-- Opening Marker --

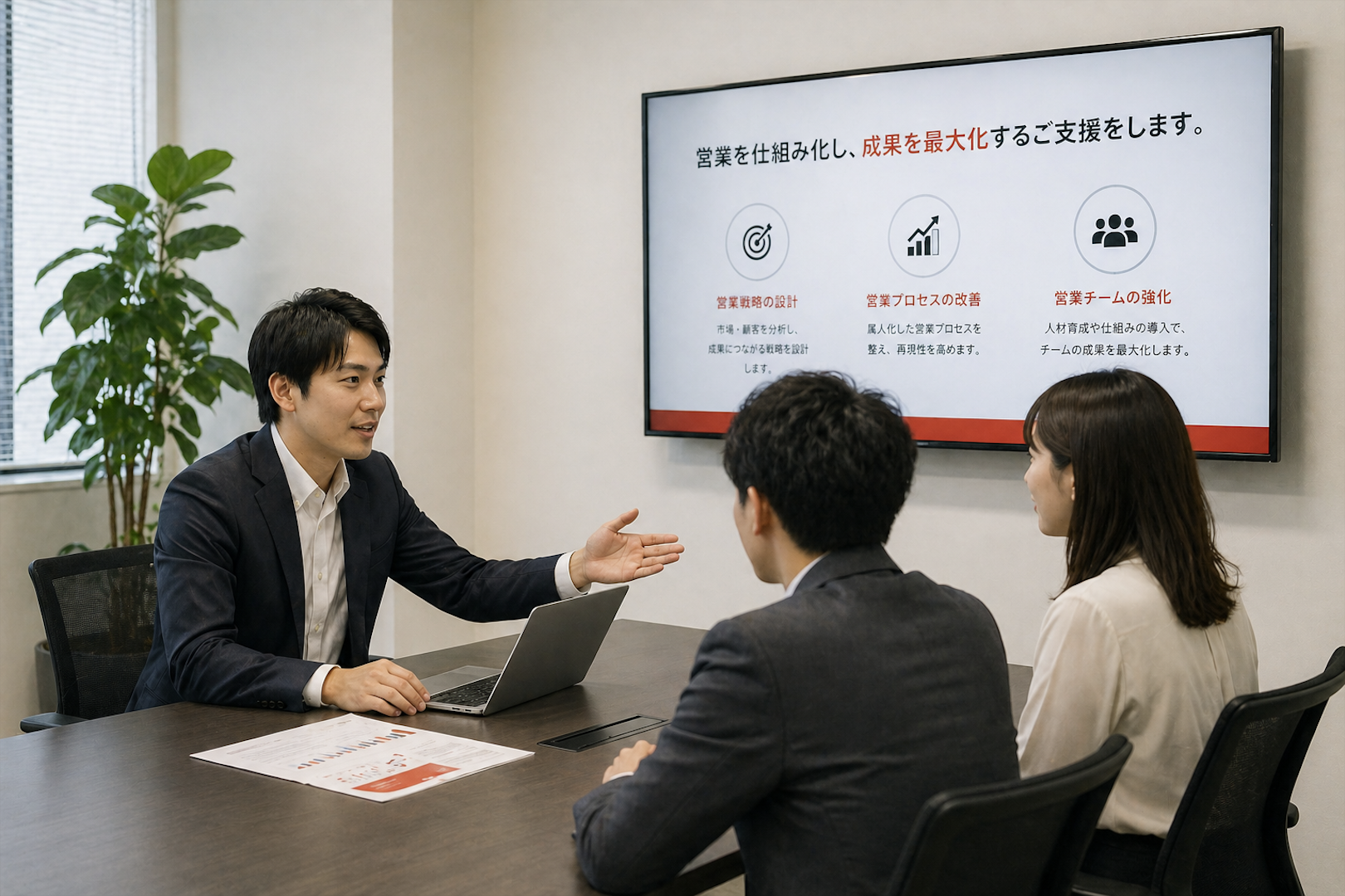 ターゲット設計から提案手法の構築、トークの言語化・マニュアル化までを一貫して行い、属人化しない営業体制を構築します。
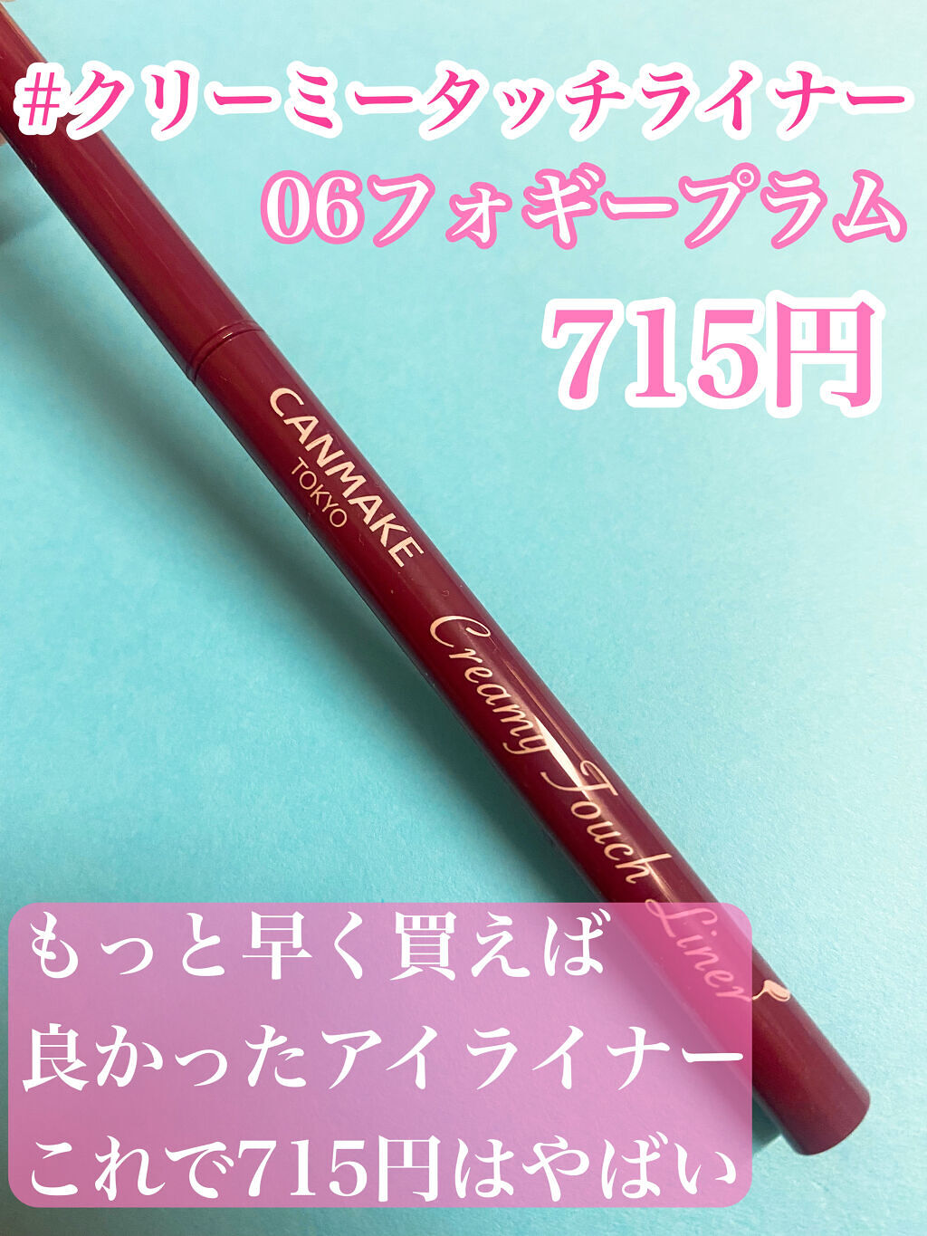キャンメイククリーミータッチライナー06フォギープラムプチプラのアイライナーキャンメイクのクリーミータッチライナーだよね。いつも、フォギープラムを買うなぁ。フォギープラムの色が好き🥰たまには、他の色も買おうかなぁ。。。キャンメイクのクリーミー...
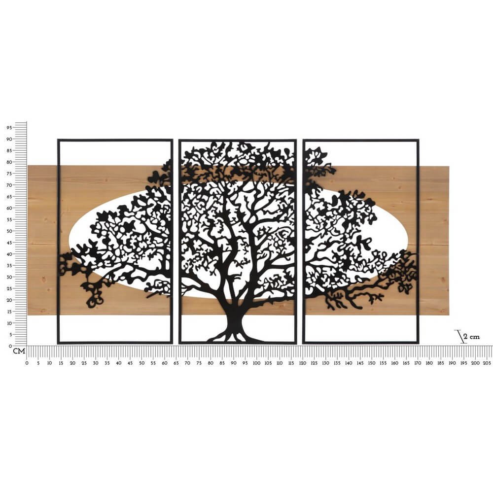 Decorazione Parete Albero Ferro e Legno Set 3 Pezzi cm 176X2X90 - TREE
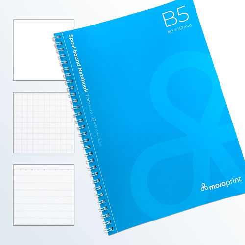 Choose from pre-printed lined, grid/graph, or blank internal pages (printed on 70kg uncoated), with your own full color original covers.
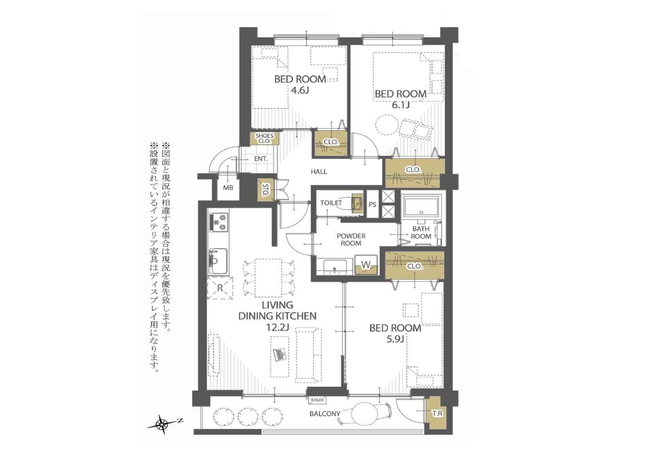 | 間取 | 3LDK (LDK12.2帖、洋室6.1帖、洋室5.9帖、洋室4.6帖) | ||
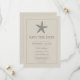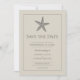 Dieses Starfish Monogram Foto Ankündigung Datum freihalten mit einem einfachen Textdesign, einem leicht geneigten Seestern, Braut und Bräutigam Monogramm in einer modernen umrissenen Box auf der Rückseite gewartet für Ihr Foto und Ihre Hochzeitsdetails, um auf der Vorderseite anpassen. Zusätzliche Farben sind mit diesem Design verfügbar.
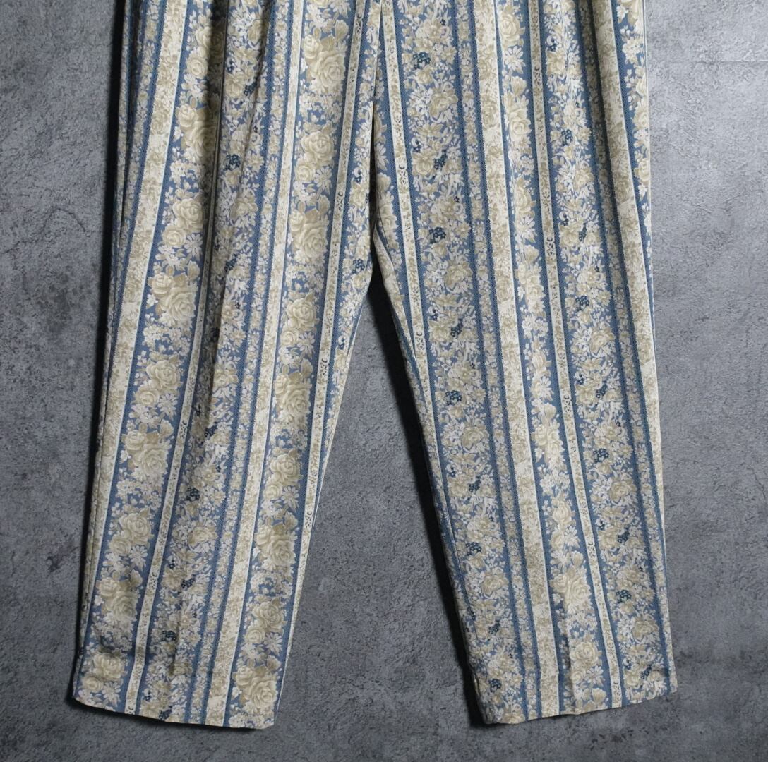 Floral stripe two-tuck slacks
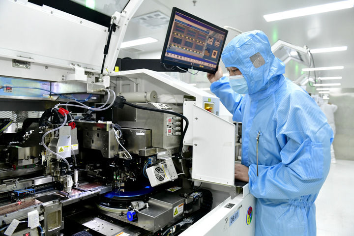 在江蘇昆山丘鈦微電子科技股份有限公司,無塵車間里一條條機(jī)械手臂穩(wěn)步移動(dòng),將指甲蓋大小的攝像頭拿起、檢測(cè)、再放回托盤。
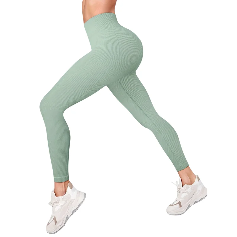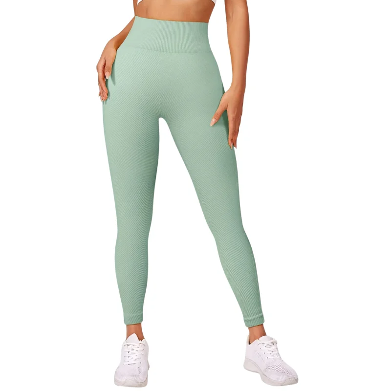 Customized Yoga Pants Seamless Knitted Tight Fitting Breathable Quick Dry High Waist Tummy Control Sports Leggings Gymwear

-- Closing Marker --

Return the complete material exactly as it appears, without images.

> [RESULT FOR THIS EXERCISE]
 ターゲット設計から提案手法の構築、トークの言語化・マニュアル化までを一貫して行い、属人化しない営業体制を構築します。
キャンメイククリーミータッチライナー06フォギープラムプチプラのアイライナーキャンメイクのクリーミータッチライナーだよね。いつも、フォギープラムを買うなぁ。フォギープラムの色が好き🥰たまには、他の色も買おうかなぁ。。。キャンメイクのクリーミー...
 Decorazione Parete Albero Ferro e Legno Set 3 Pezzi cm 176X2X90 - TREE
 Choose from pre-printed lined, grid/graph, or blank internal pages (printed on 70kg uncoated), with your own full color original covers.
 | 間取 | 3LDK (LDK12.2帖、洋室6.1帖、洋室5.9帖、洋室4.6帖) | ||
 Dieses Starfish Monogram Foto Ankündigung Datum freihalten mit einem einfachen Textdesign, einem leicht geneigten Seestern, Braut und Bräutigam Monogramm in einer modernen umrissenen Box auf der Rückseite gewartet für Ihr Foto und Ihre Hochzeitsdetails, um auf der Vorderseite anpassen. Zusätzliche Farben sind mit diesem Design verfügbar.
 Floral stripe two-tuck slacks
 在江蘇昆山丘鈦微電子科技股份有限公司,無塵車間里一條條機(jī)械手臂穩(wěn)步移動(dòng),將指甲蓋大小的攝像頭拿起、檢測(cè)、再放回托盤。
 Customized Yoga Pants Seamless Knitted Tight Fitting Breathable Quick Dry High Waist Tummy Control Sports Leggings Gymwear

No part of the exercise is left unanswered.